Ukraine’s air force said on Telegram that Russia had launched 20 drones, and 44 missiles of various types in its attacks across the country. It said it had intercepted 15 of the drones and 29 of the missiles. Analysis suggested some of the missiles were manufactured in North Korea, the national police said.

Row over right court for Russian crimes of aggressionThe international criminal court (ICC) in The Hague. Photograph: Peter Dejong/AP

The international criminal court is locked in a turf war that is blocking Ukraine’s efforts to set up a special international tribunal with the authority to try Russia’s leadership for the crime of aggression, Philippe Sands KC has claimed, according to Patrick Wintour.

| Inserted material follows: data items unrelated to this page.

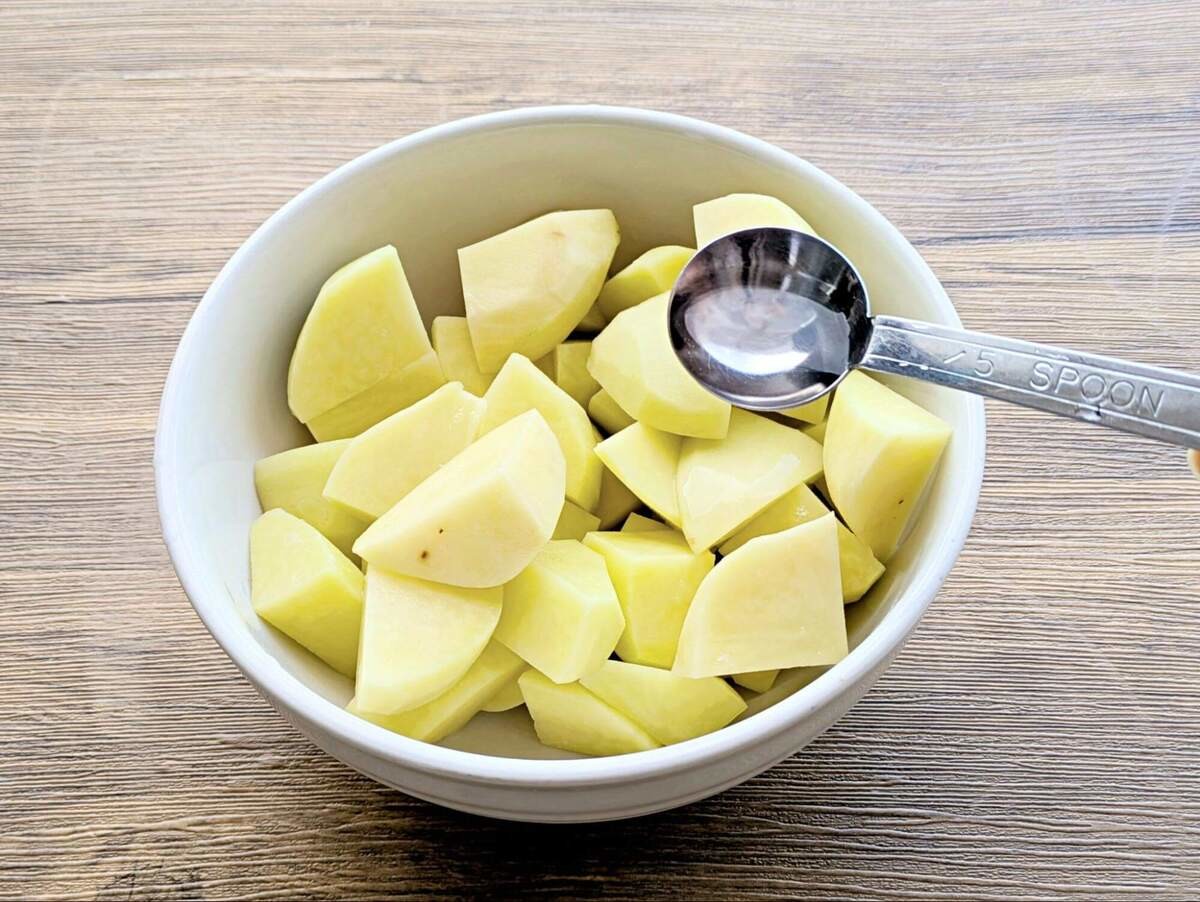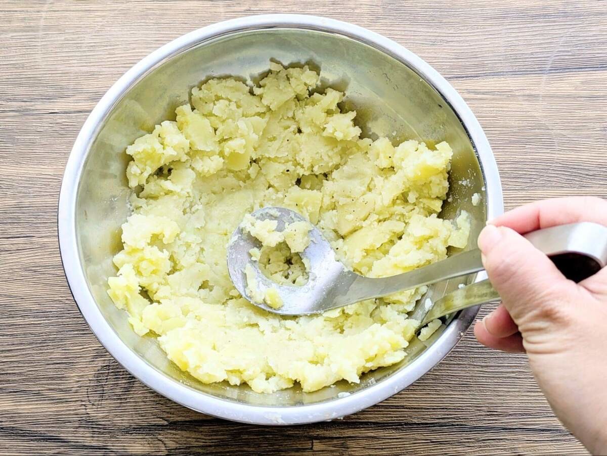 加熱後のじゃがいもは熱いうちに潰して、塩こしょうやお酢などの下味をつけましょう。
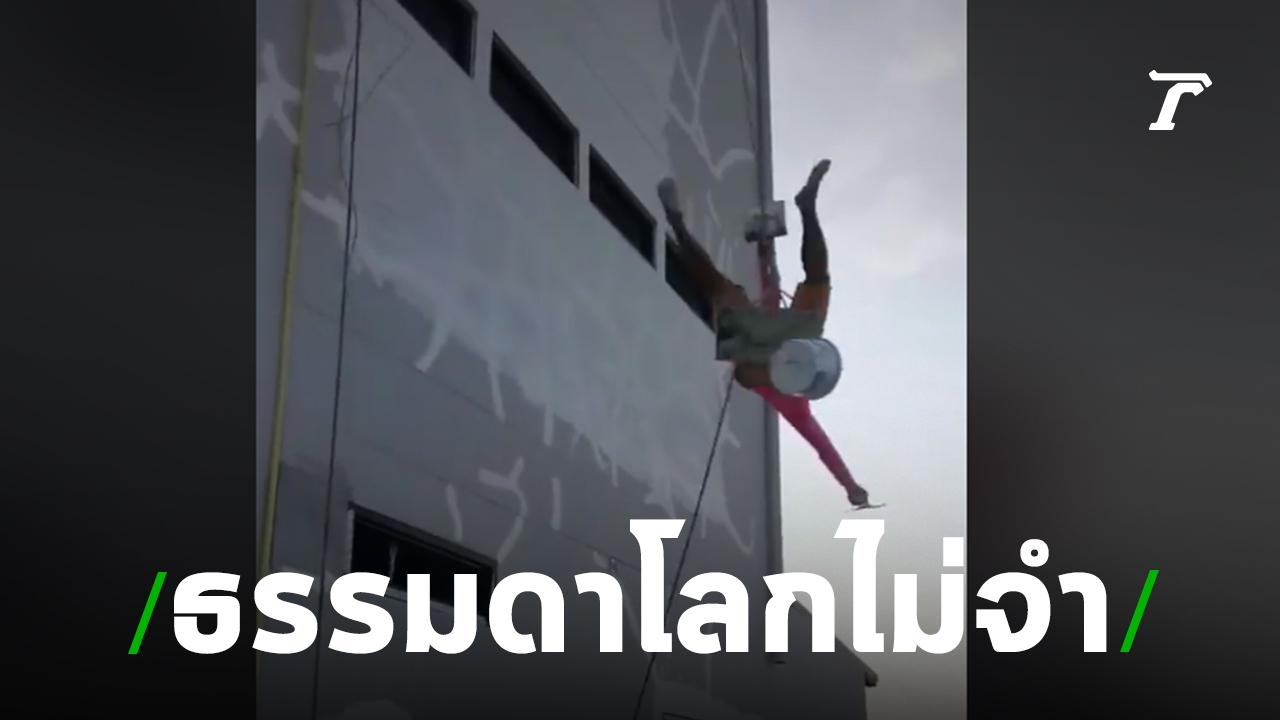 ทาสีบ้านยังไงให้โลกจำ ไม่ต้องใช้นั่งร้าน ช่างใช้เชือกโรยตัวจากอาคาร หมุนตัว สะบัดแปรงอย่างคล่อง ชาวเน็ตบางส่วนห่วงเซฟตี้
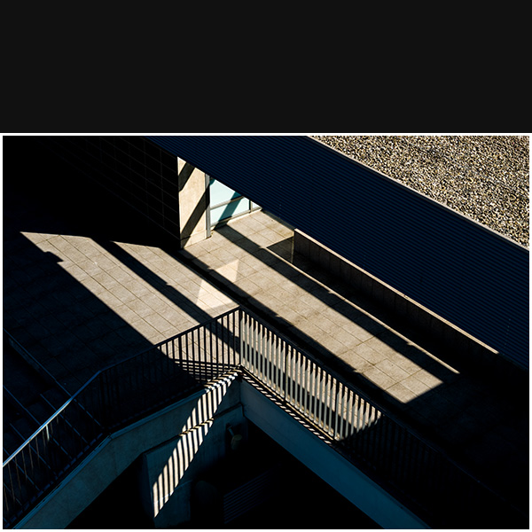 In this photograph, the railings create a rhythm of parallel lines, while their shadows build a new, almost independent structure of space. What from the street appears to be just a passage between two levels of a building, from the air transforms into a pure composition of forms — the triangle of the staircase, rectangles of pavement, and deep fields of darkness.
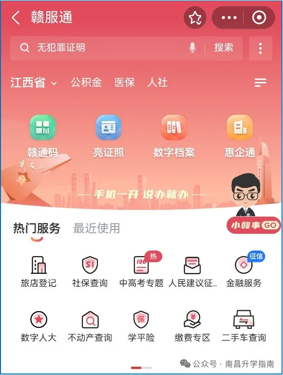1.应用市场下载“赣服通”或支付宝搜索“赣服通”进入平台。
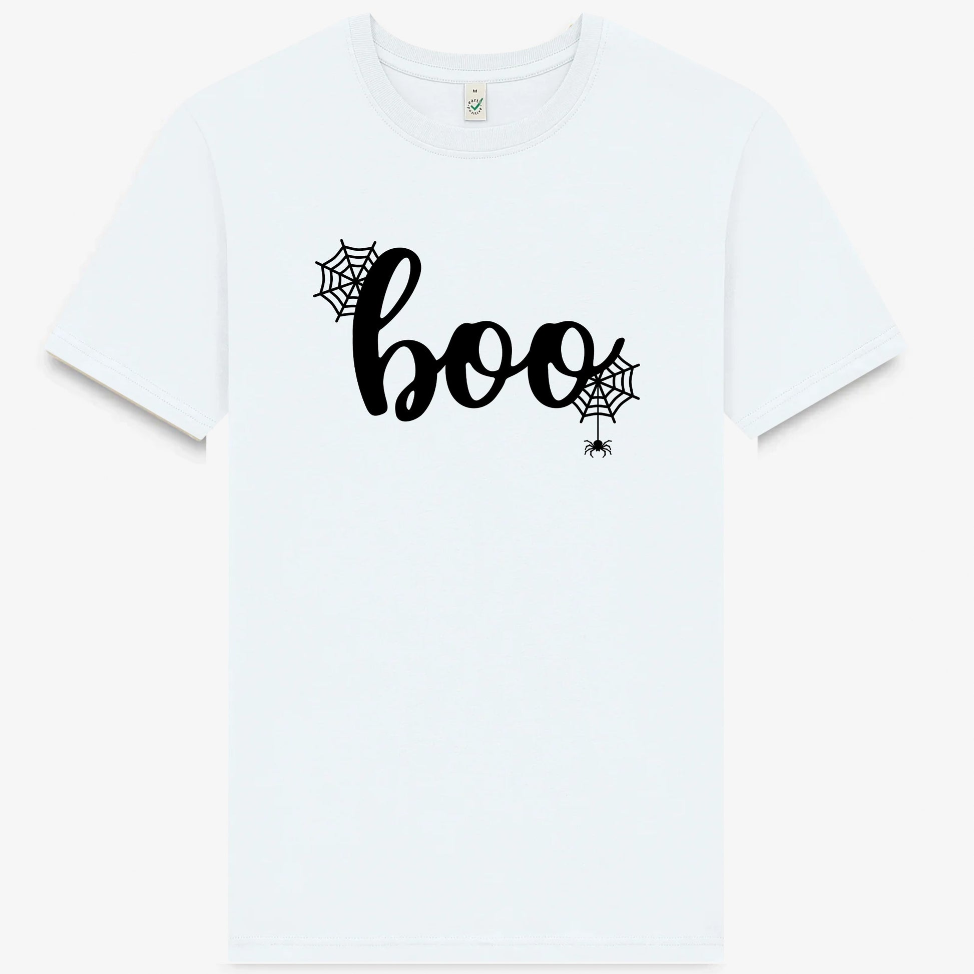 En stilren Halloween T-shirt med texten “Boo” – enkel, trendig och perfekt för både henne och honom. Unisexmodell i mjuk ekologisk bomull, passar lika bra till halloweenfesten som till vardags. Matcha med våra barnplagg eller babybodys för en enhetlig familjelook.
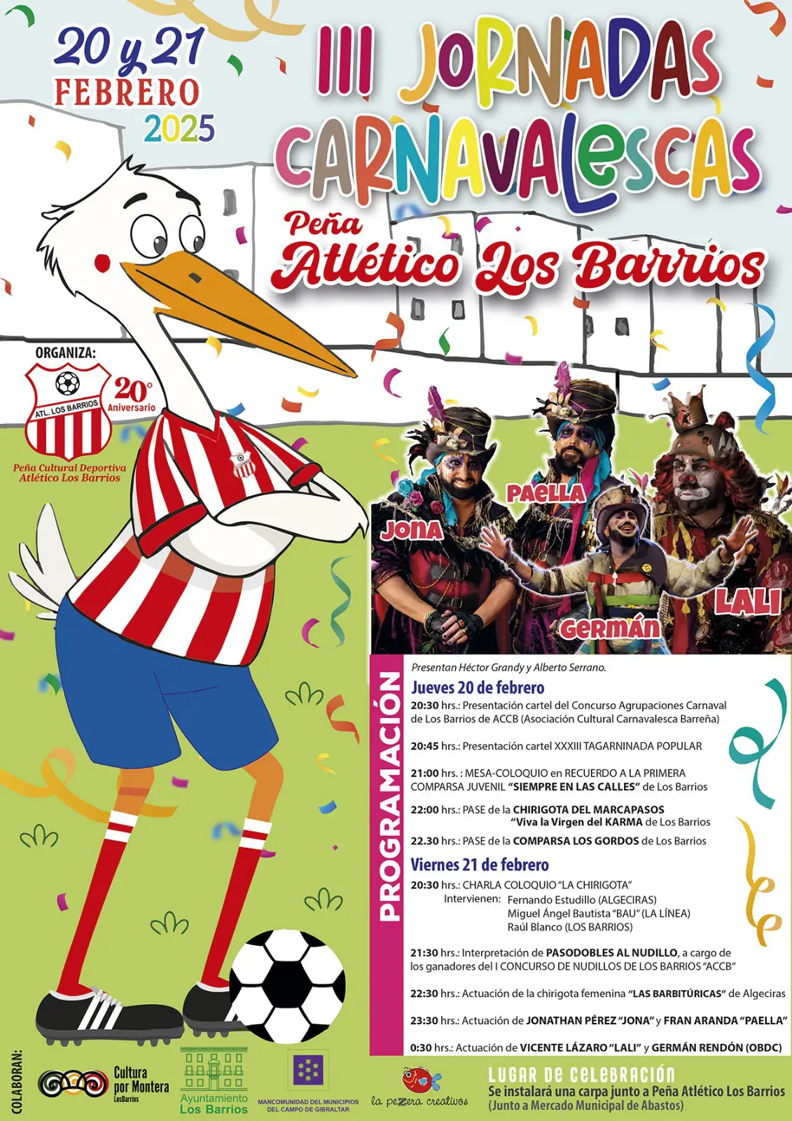 El delegado de Cultura y Festejos, Daniel Pérez Cumbre el vicepresidente de la Mancomunidad de Municipios del Campo de Gibraltar, Pablo García, han dado a conocer hoy el cartel de las III Jornadas Carnavalescas, que organiza la Peña Cultural Deportiva ‘Atlético Los Barrios’, con la colaboración del Ayuntamiento.
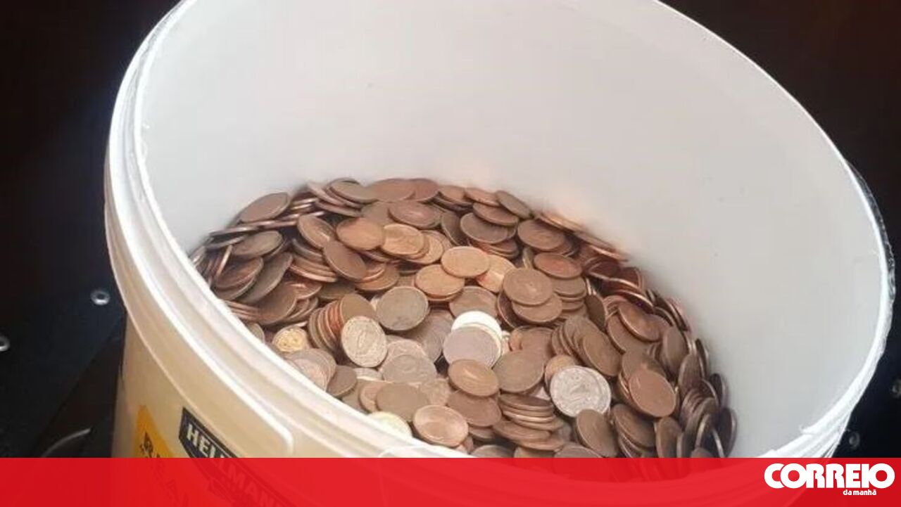 Balde tinha 30 quilos de moedas de cinco cêntimos.

Debate has been deadlocked for a year on whether the UN could set up a special ad hoc international tribunal – separate from the ICC – to try the senior Russian leadership, or instead leave the task to a less authoritative court in Ukraine.

It is widely accepted that although the ICC can charge individuals for war crimes, it does not have jurisdiction over Russian crimes of aggression, since Russia is not a party to the Rome statute, the ICCs’s founding treaty. The ICC is instead seeking to charge Russia’s president, Vladimir Putin, over the abduction of children from Ukraine.

Sands, a leading advocate of an international tribunal, told a recent conference in London, attended by many Ukrainian ministers, that it was “so sad the institution that seems most opposed to this idea is the ICC in the form of its prosecutor and some of its judges … This is not an issue of principle for them, but an issue of turf.”